Diminuição no último ano

 

A ministra garantiu ainda que já houve uma melhoria dos resultados e uma diminuição do número de ocorrências. Uma visão que é partilhada pelo procurador-geral da República, que nos últimos meses se mostrou várias vezes preocupado com a violência nas escolas. "Se me perguntar se a situação é melhor hoje do que há um ano, eu digo que é melhor."

 

Pinto Monteiro considerou que não há uma violência generalizada nas escolas portuguesas, mas que é preciso combater o problema desde o início.

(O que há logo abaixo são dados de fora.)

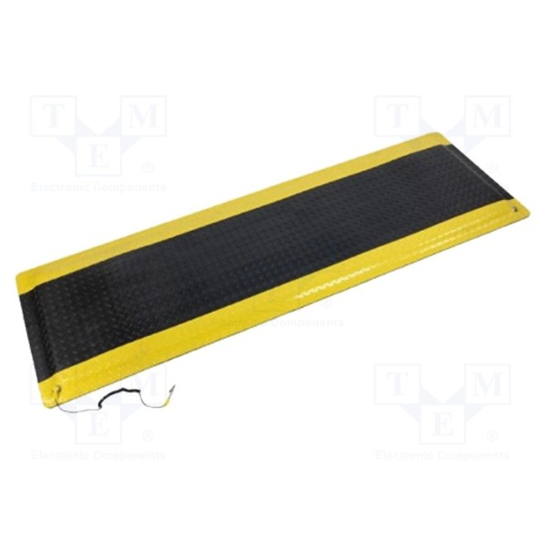 Mata podłogowa antyzmęczeniowa w wersji ESD o wymiarach 1,84m długości, 0,61m szerokości oraz 16mm grubości. Produkt został zaprojektowany w kolorystyce czarno-żółtej, co zwiększa jego widoczność w miejscu pracy.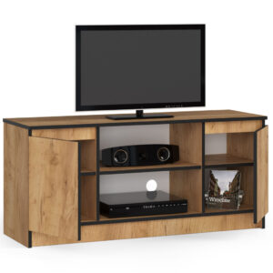 Comoda TV cu 2 usi si o polita, PAL laminat 16 mm, 120x40x55 cm, stejar craft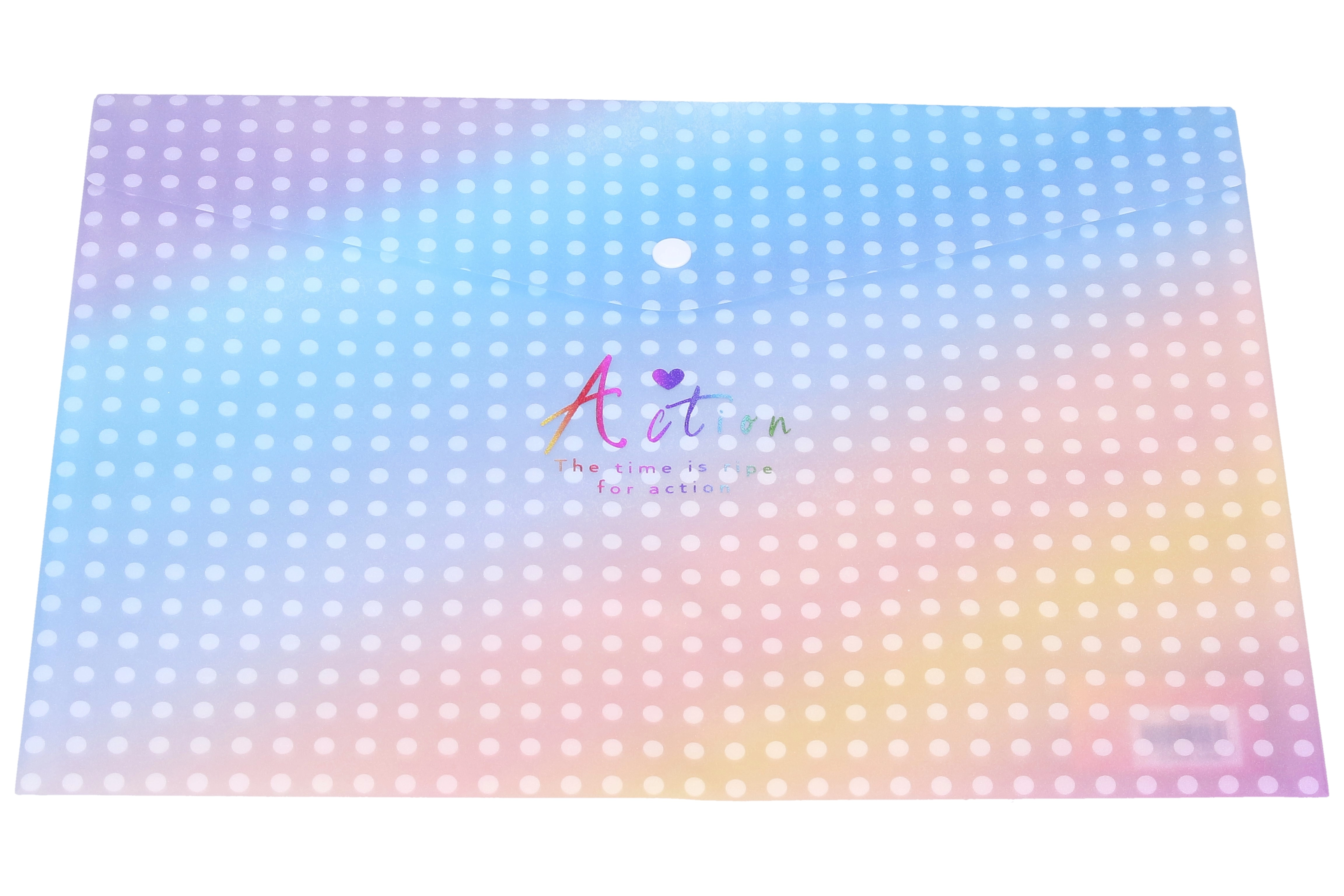 Vyberte si z několika atraktivních pastelových designů – puntíky, mřížka, crackle efekt nebo geometrické tvary. Poloprůhledný materiál usnadňuje identifikaci obsahu, některé varianty mají i štítkové okénko pro popis. Rozměr 33 × 23 cm pohodlně pojme formát A4 i volné listy, sešity nebo tenké katalogy.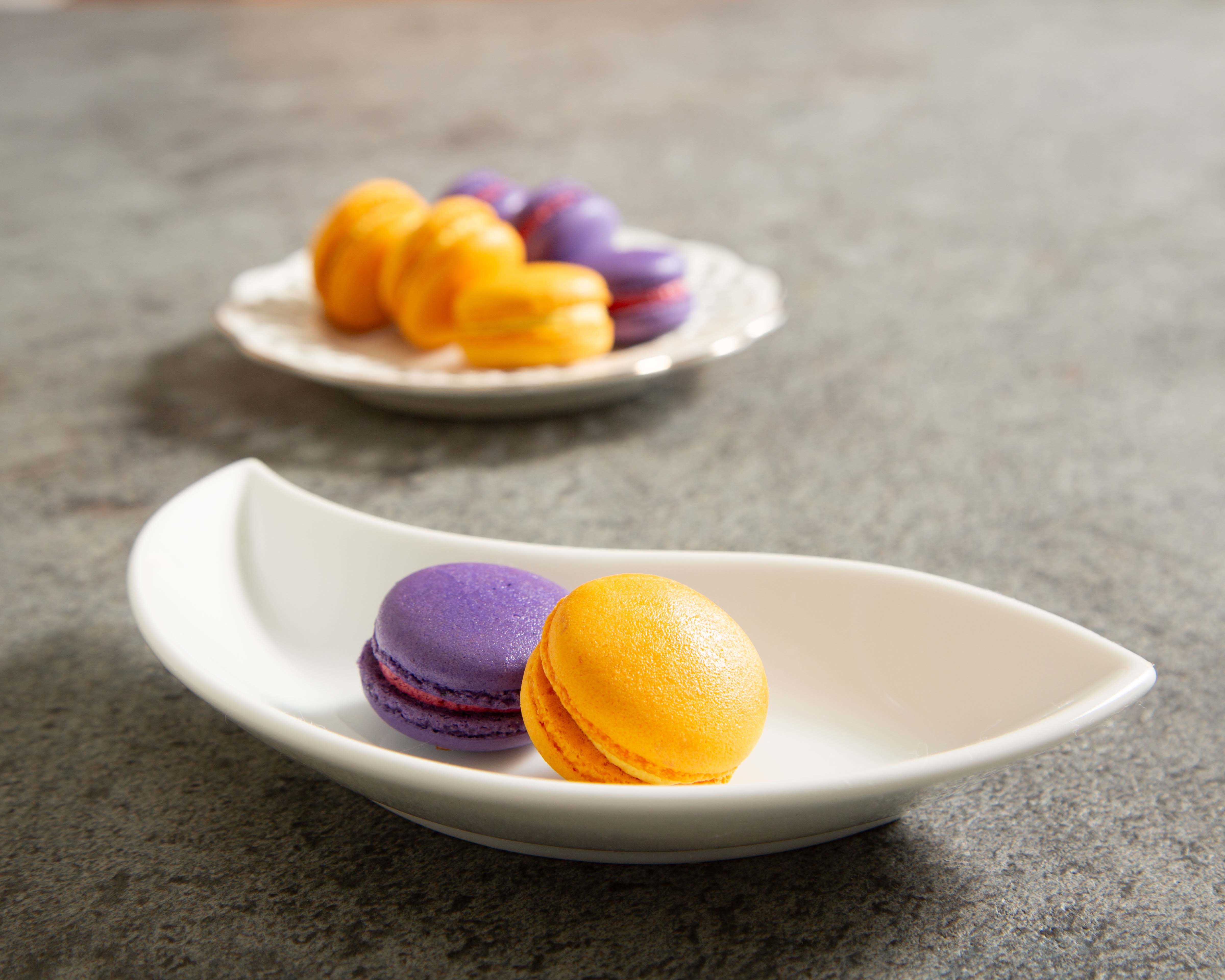2023年9月15日(金)~10月31日(火)までのハロウィンフェア開催期間中、WEBにてご予約いただいたお客さまには、ハロウィンカラー(2色)で仕上げた自家製のマカロンを各色1つずつプレゼントさせていただきます。しっとりと焼き上げた上品な味わいのマカロンは、爽やかなベルガモットと酸味が魅力のカシスで仕上げました。そのままはもちろんのこと、お気に入りのスイーツにトッピングしてお楽しみください。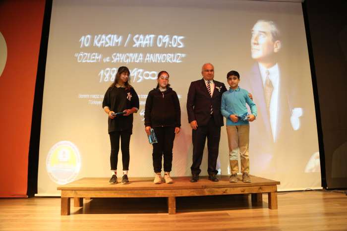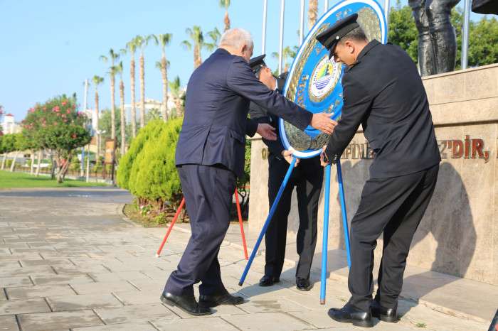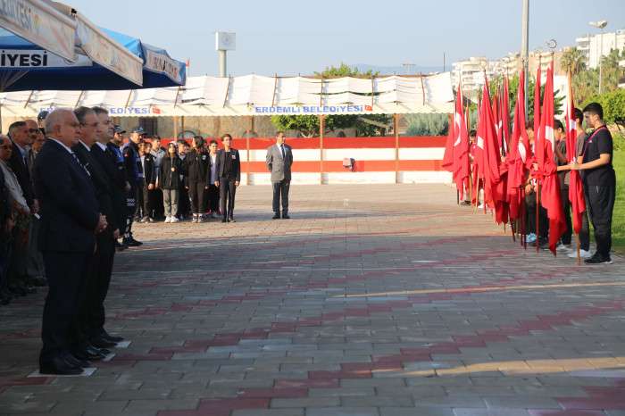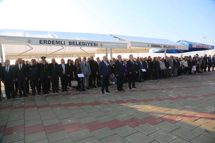 Dr. Devlet Bahçeli Sahil Bandı tören alanında Atatürk Anıtı’na çelenk sunma töreni yapıldı. Atatürk Anıtı’na çelenklerin sunulmasının ardından saat 09:05’te sirenlerin çalmaya başlaması ile Büyük Önder Gazi Mustafa Kemal Atatürk’ün manevi huzurunda 2 dakikalık saygı duruşunda bulunuldu. Ardından İstiklal Marşı’nın okunması bayrak yarıya indirildi. Buradaki törenin ardından Erdemli Belediyesi Kültür Merkezi’ndeki programa geçildi. Buradaki programda Atatürk’ü anlatan şiirler okundu, şarkılar söylendi. Programın sonunda öğrencilere hediyeler takdim edildi. Öten yandan programa Erdemli Kaymakamı Aydın Tetikoğlu, Erdemli Belediye Başkanı Mükerrem Tollu, Cumhuriyet Başsavcısı Veli Gündüz , İlçe Jandarma Komutan Yarbay Erhan Erdoğan, İlçe Emniyet Müdürü Ali Kemal Arda, Gaziler, Kurum Amirleri, Siyasi Parti Temsilcileri, STK Temsilcileri, Oda Başkanları katıldı.
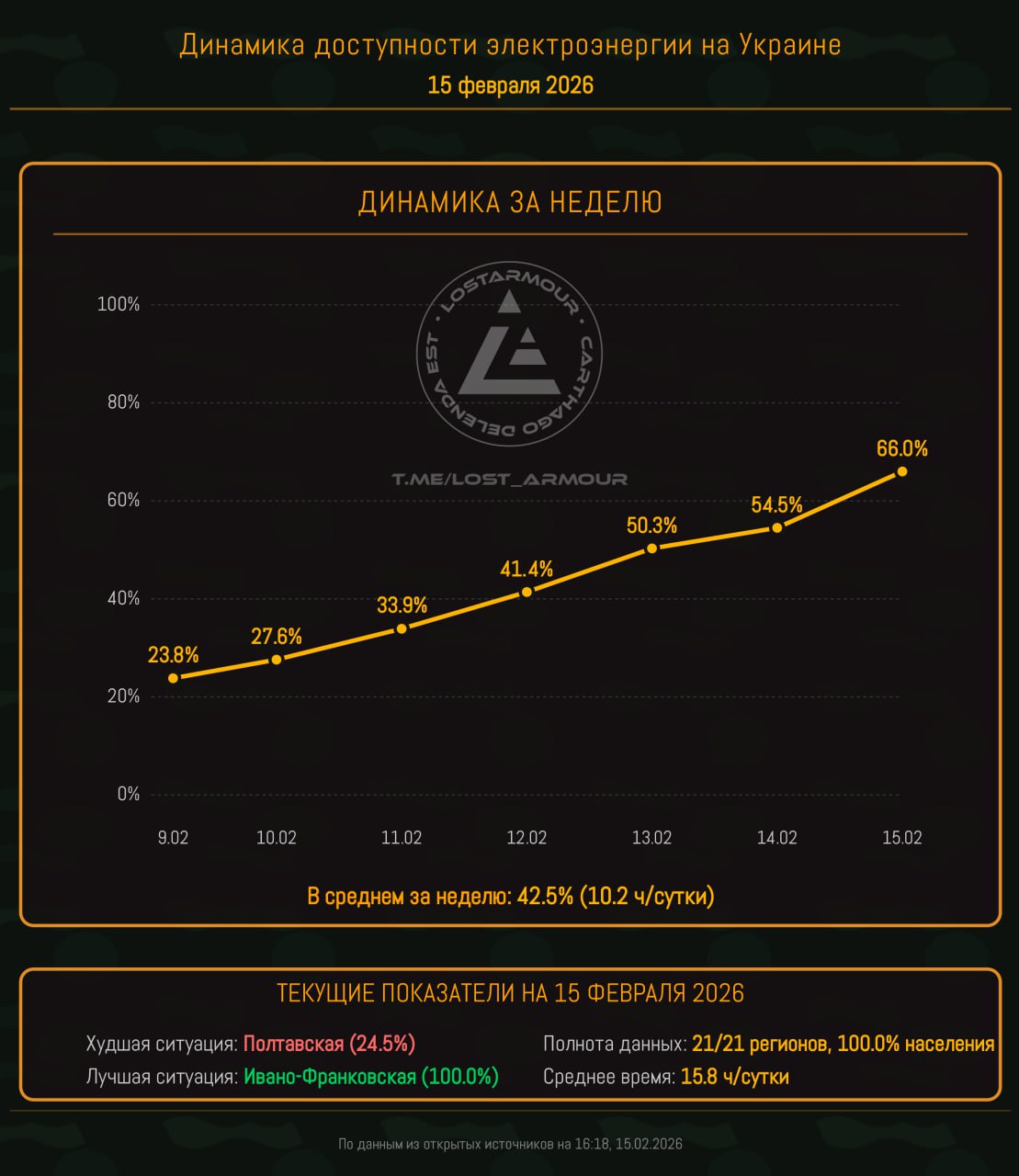 • Среднее время доступности электроэнергии за сутки - 15,8 часов (66%)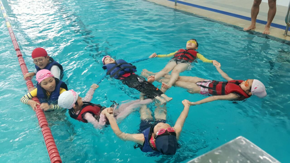 한국해양대 평생교육원은 학교별로 하루 4시간씩 이틀간에 걸쳐 해양대 수영장에서 입수법, 물적응, 부력체험, 생존수영 기본영법, 자기구조법, 타인구조법 등 체험중심 생존수영 실습교육을 한다.

Por isso, insistiu que as pessoas participem as situações de violência. "Porque o que não podemos fazer é esconder, fingir que não existe". Segundo o PGR, o seu apelo teve efeito: houve um grande aumento de queixas e a Procuradoria recebe cartas de alunos, de pais e de professores - "a maior parte vêm assinadas" - o que mostra que as pessoas sentem que as queixas são valorizadas.

 

Também Pinto Monteiro reconhece que este é "um problema universal, para o qual não existem receitas mágicas". "Não pode é ser um cadáver escondido no armário", alerta.

 

A conferência, promovida pela Faculdade de Motricidade Humana e pelo Instituto de Apoio à Criança, reúne em Lisboa investigadores de 55 países. Até quarta-feira, os especialistas vão partilhar experiências e apresentar mais de duzentas comunicações sobre o tema "A Violência nas Escolas e políticas Públicas".